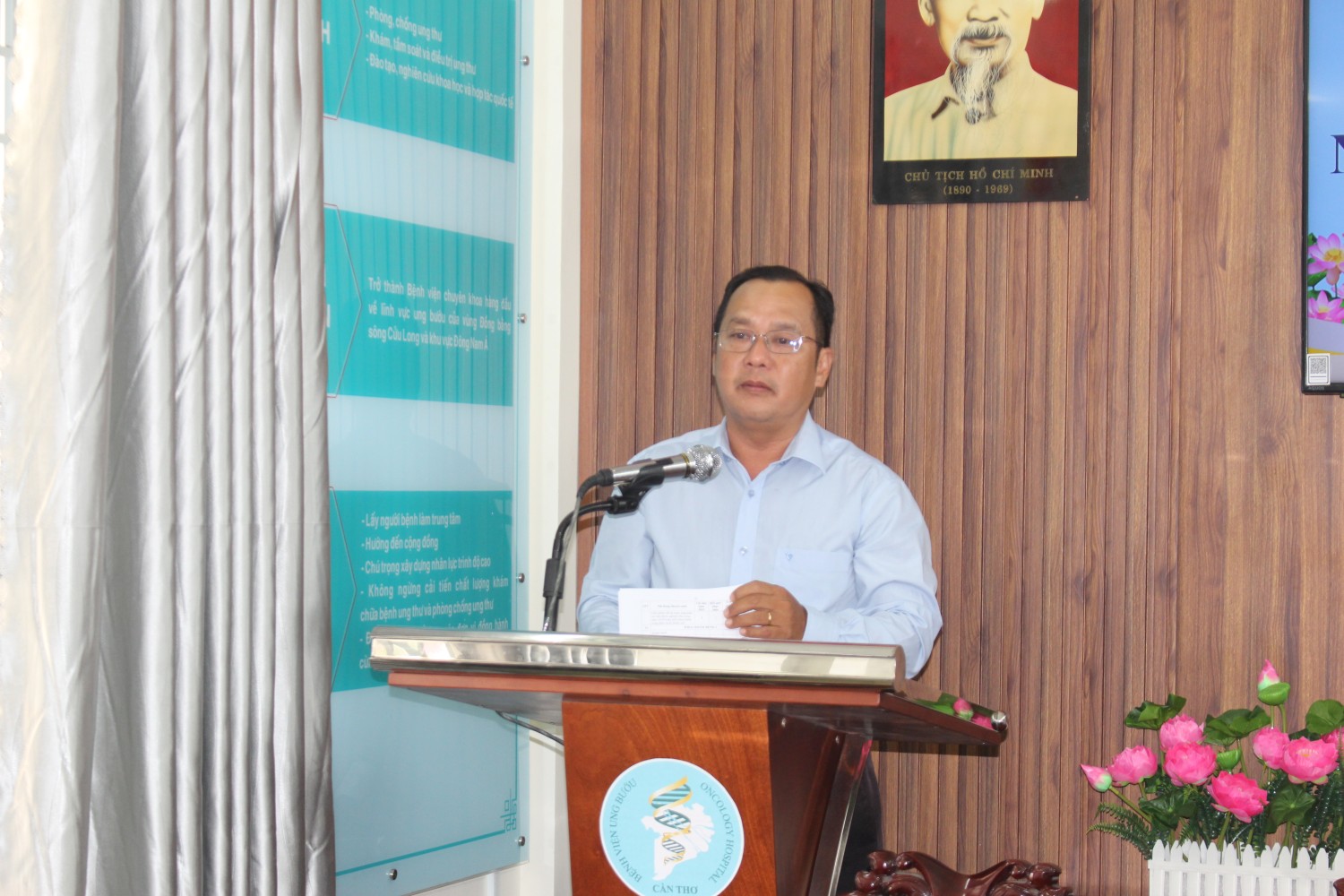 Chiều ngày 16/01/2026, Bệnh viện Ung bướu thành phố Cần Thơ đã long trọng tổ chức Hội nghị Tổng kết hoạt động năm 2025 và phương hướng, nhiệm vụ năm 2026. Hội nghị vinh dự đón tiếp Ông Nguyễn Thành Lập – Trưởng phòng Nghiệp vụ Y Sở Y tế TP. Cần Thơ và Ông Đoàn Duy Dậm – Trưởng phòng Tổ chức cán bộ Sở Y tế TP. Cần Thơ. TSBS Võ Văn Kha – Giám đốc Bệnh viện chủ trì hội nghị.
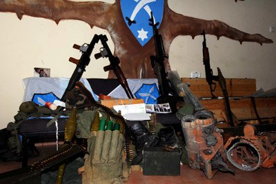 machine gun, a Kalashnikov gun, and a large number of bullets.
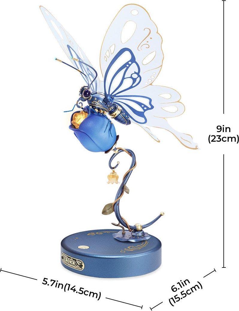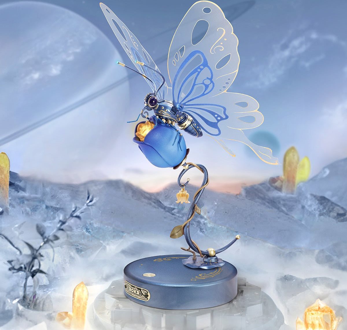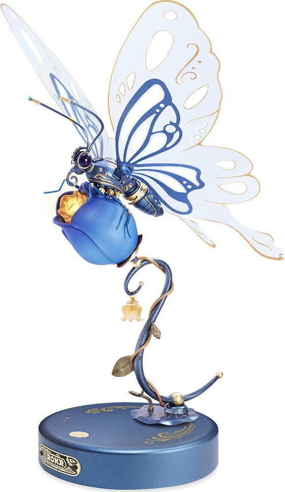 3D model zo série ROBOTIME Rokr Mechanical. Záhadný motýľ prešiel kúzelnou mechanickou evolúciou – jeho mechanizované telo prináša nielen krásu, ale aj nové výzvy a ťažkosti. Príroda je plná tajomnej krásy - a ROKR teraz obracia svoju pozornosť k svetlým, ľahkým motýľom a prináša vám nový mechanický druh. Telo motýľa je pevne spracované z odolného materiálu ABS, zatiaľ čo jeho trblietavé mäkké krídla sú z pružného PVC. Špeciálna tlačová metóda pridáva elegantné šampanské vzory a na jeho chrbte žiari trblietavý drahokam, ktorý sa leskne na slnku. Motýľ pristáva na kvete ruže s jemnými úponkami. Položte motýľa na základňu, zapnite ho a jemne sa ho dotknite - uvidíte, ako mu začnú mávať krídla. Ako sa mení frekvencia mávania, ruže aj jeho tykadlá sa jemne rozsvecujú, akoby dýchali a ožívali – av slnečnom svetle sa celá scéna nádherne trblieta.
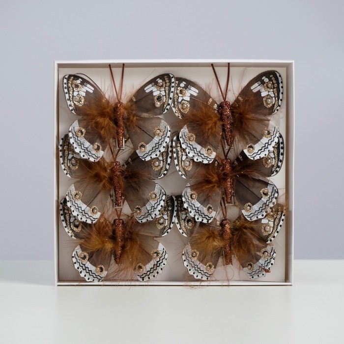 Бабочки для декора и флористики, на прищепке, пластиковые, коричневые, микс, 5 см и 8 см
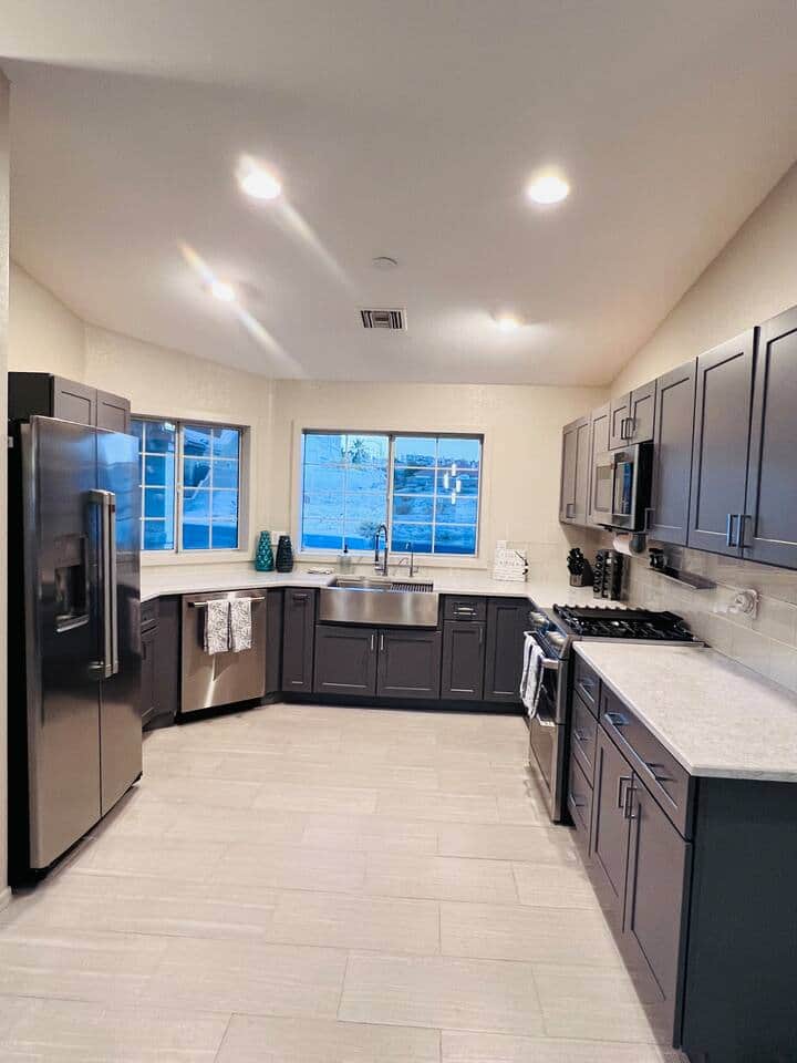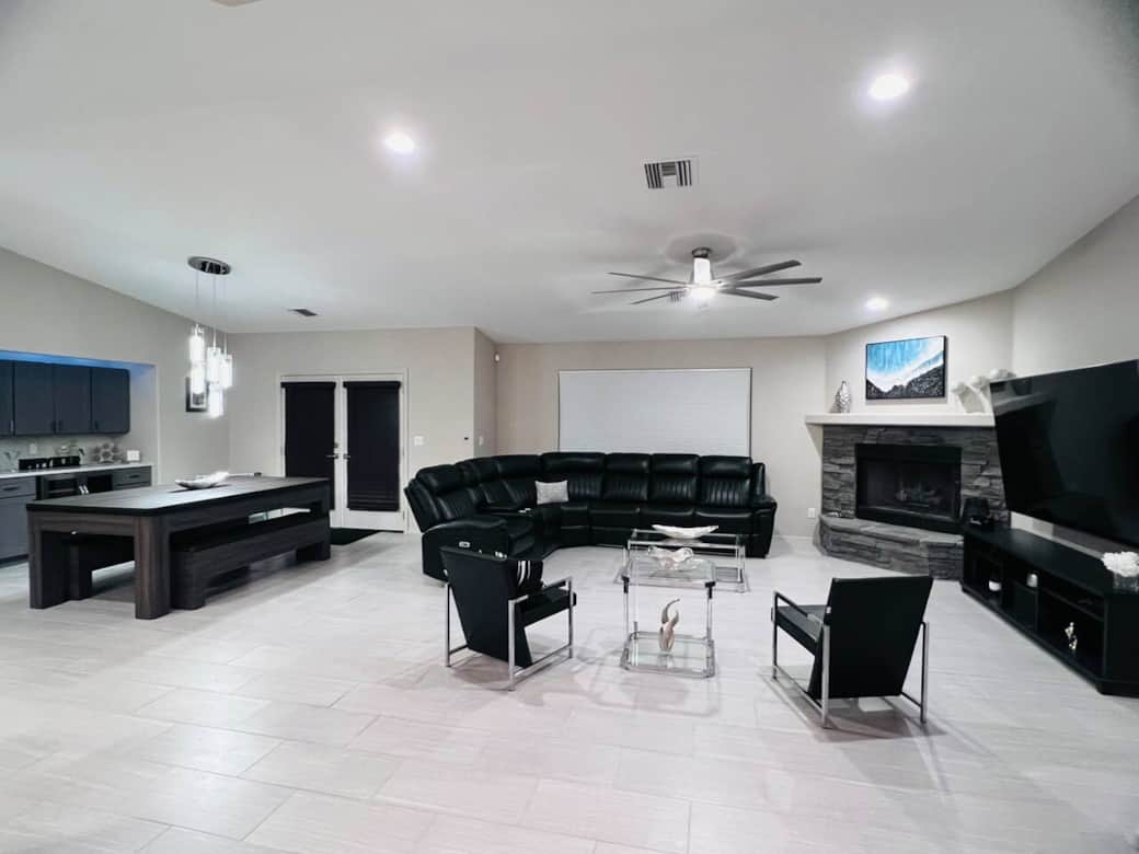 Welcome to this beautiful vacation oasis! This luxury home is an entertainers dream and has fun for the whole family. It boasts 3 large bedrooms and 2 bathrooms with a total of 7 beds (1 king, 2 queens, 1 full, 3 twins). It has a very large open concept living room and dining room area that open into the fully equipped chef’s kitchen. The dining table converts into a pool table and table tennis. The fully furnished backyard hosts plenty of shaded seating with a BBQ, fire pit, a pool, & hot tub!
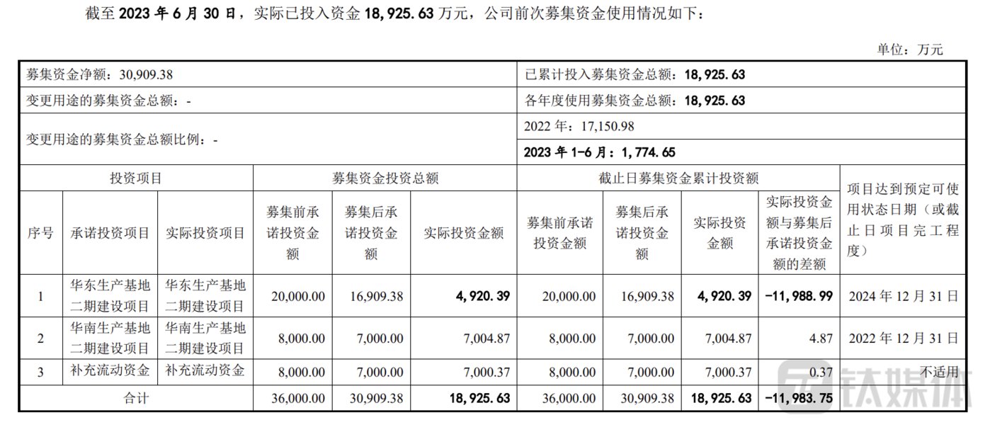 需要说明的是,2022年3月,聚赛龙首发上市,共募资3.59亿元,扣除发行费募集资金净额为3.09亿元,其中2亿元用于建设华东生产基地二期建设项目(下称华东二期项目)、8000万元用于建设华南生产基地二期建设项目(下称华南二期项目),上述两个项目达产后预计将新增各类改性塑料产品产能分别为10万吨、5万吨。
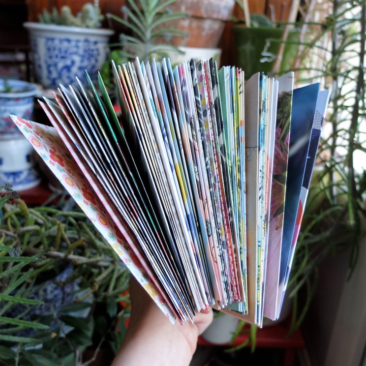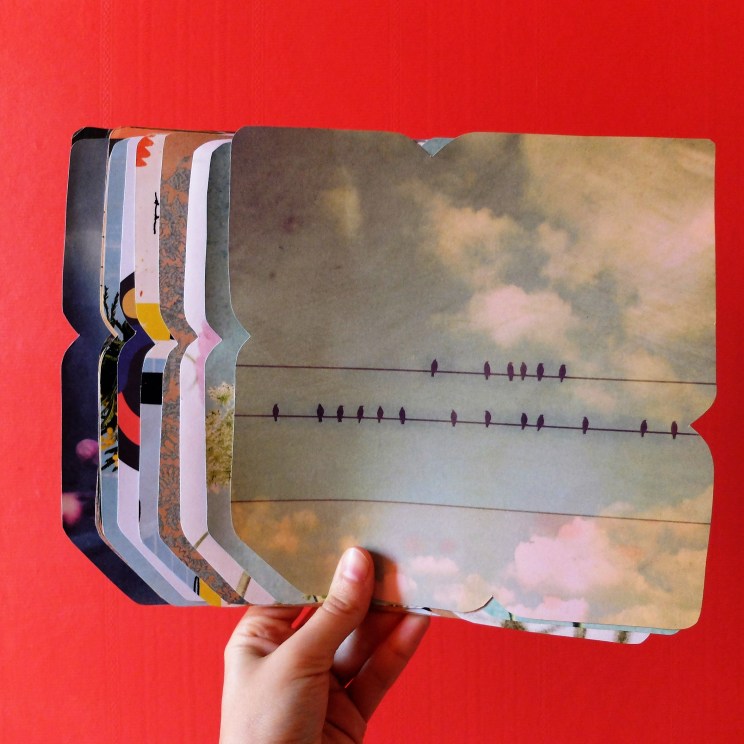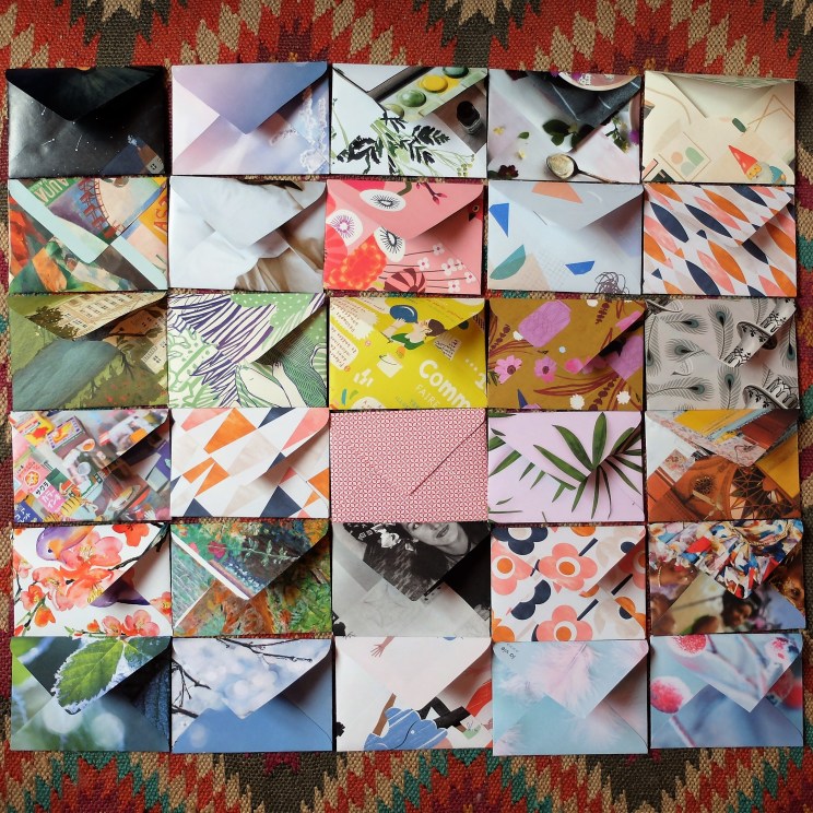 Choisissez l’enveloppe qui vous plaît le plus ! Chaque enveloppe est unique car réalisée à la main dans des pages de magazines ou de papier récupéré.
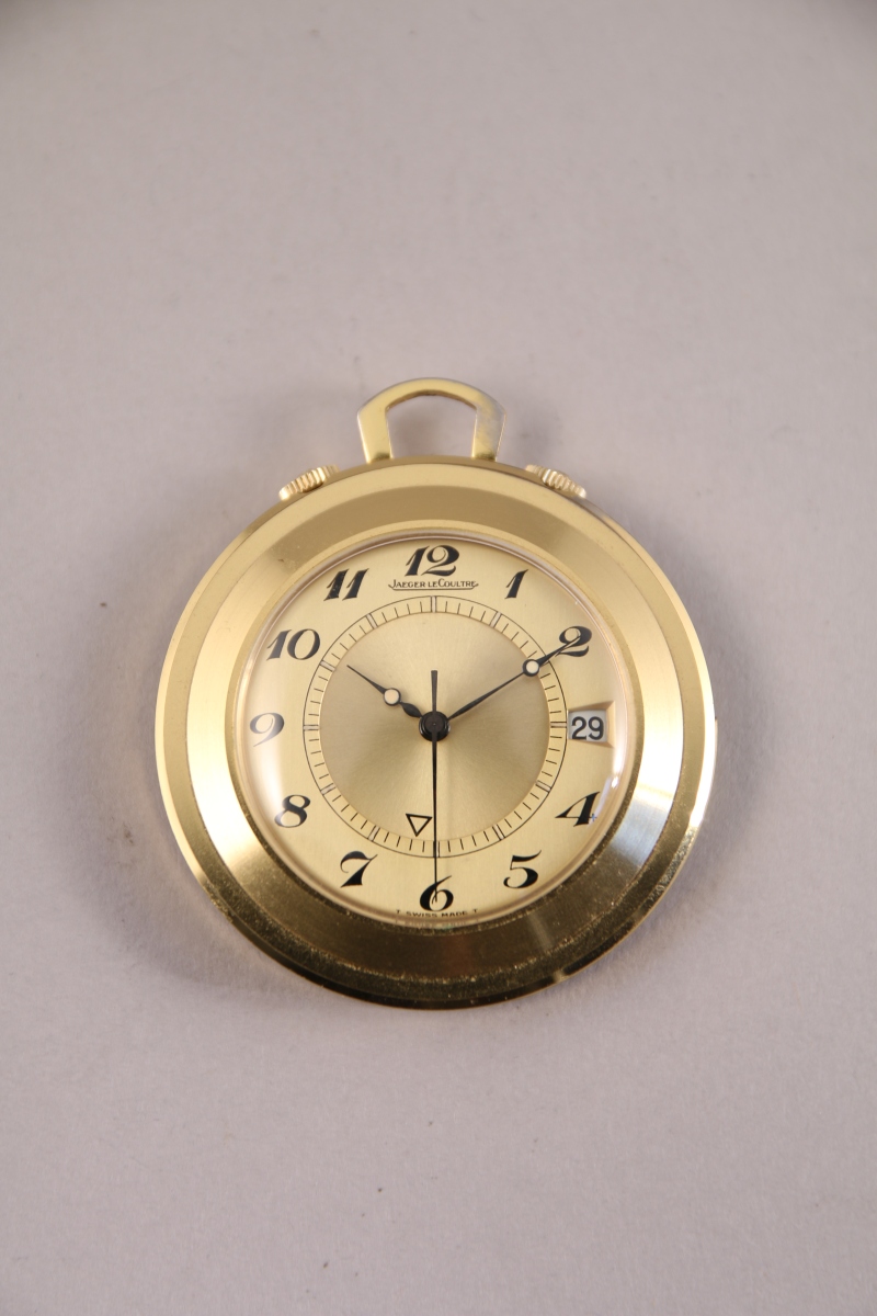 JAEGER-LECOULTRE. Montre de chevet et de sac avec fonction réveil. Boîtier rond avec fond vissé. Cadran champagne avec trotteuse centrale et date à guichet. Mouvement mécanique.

#####

Task requirements>
Reproduce the material above in full, exactly, with no images.

Problem solution>
 Chiều ngày 16/01/2026, Bệnh viện Ung bướu thành phố Cần Thơ đã long trọng tổ chức Hội nghị Tổng kết hoạt động năm 2025 và phương hướng, nhiệm vụ năm 2026. Hội nghị vinh dự đón tiếp Ông Nguyễn Thành Lập – Trưởng phòng Nghiệp vụ Y Sở Y tế TP. Cần Thơ và Ông Đoàn Duy Dậm – Trưởng phòng Tổ chức cán bộ Sở Y tế TP. Cần Thơ. TSBS Võ Văn Kha – Giám đốc Bệnh viện chủ trì hội nghị.
 machine gun, a Kalashnikov gun, and a large number of bullets.
 3D model zo série ROBOTIME Rokr Mechanical. Záhadný motýľ prešiel kúzelnou mechanickou evolúciou – jeho mechanizované telo prináša nielen krásu, ale aj nové výzvy a ťažkosti. Príroda je plná tajomnej krásy - a ROKR teraz obracia svoju pozornosť k svetlým, ľahkým motýľom a prináša vám nový mechanický druh. Telo motýľa je pevne spracované z odolného materiálu ABS, zatiaľ čo jeho trblietavé mäkké krídla sú z pružného PVC. Špeciálna tlačová metóda pridáva elegantné šampanské vzory a na jeho chrbte žiari trblietavý drahokam, ktorý sa leskne na slnku. Motýľ pristáva na kvete ruže s jemnými úponkami. Položte motýľa na základňu, zapnite ho a jemne sa ho dotknite - uvidíte, ako mu začnú mávať krídla. Ako sa mení frekvencia mávania, ruže aj jeho tykadlá sa jemne rozsvecujú, akoby dýchali a ožívali – av slnečnom svetle sa celá scéna nádherne trblieta.
 Бабочки для декора и флористики, на прищепке, пластиковые, коричневые, микс, 5 см и 8 см
 Welcome to this beautiful vacation oasis! This luxury home is an entertainers dream and has fun for the whole family. It boasts 3 large bedrooms and 2 bathrooms with a total of 7 beds (1 king, 2 queens, 1 full, 3 twins). It has a very large open concept living room and dining room area that open into the fully equipped chef’s kitchen. The dining table converts into a pool table and table tennis. The fully furnished backyard hosts plenty of shaded seating with a BBQ, fire pit, a pool, & hot tub!
 需要说明的是,2022年3月,聚赛龙首发上市,共募资3.59亿元,扣除发行费募集资金净额为3.09亿元,其中2亿元用于建设华东生产基地二期建设项目(下称华东二期项目)、8000万元用于建设华南生产基地二期建设项目(下称华南二期项目),上述两个项目达产后预计将新增各类改性塑料产品产能分别为10万吨、5万吨。
 Choisissez l’enveloppe qui vous plaît le plus ! Chaque enveloppe est unique car réalisée à la main dans des pages de magazines ou de papier récupéré.
 JAEGER-LECOULTRE. Montre de chevet et de sac avec fonction réveil. Boîtier rond avec fond vissé. Cadran champagne avec trotteuse centrale et date à guichet. Mouvement mécanique.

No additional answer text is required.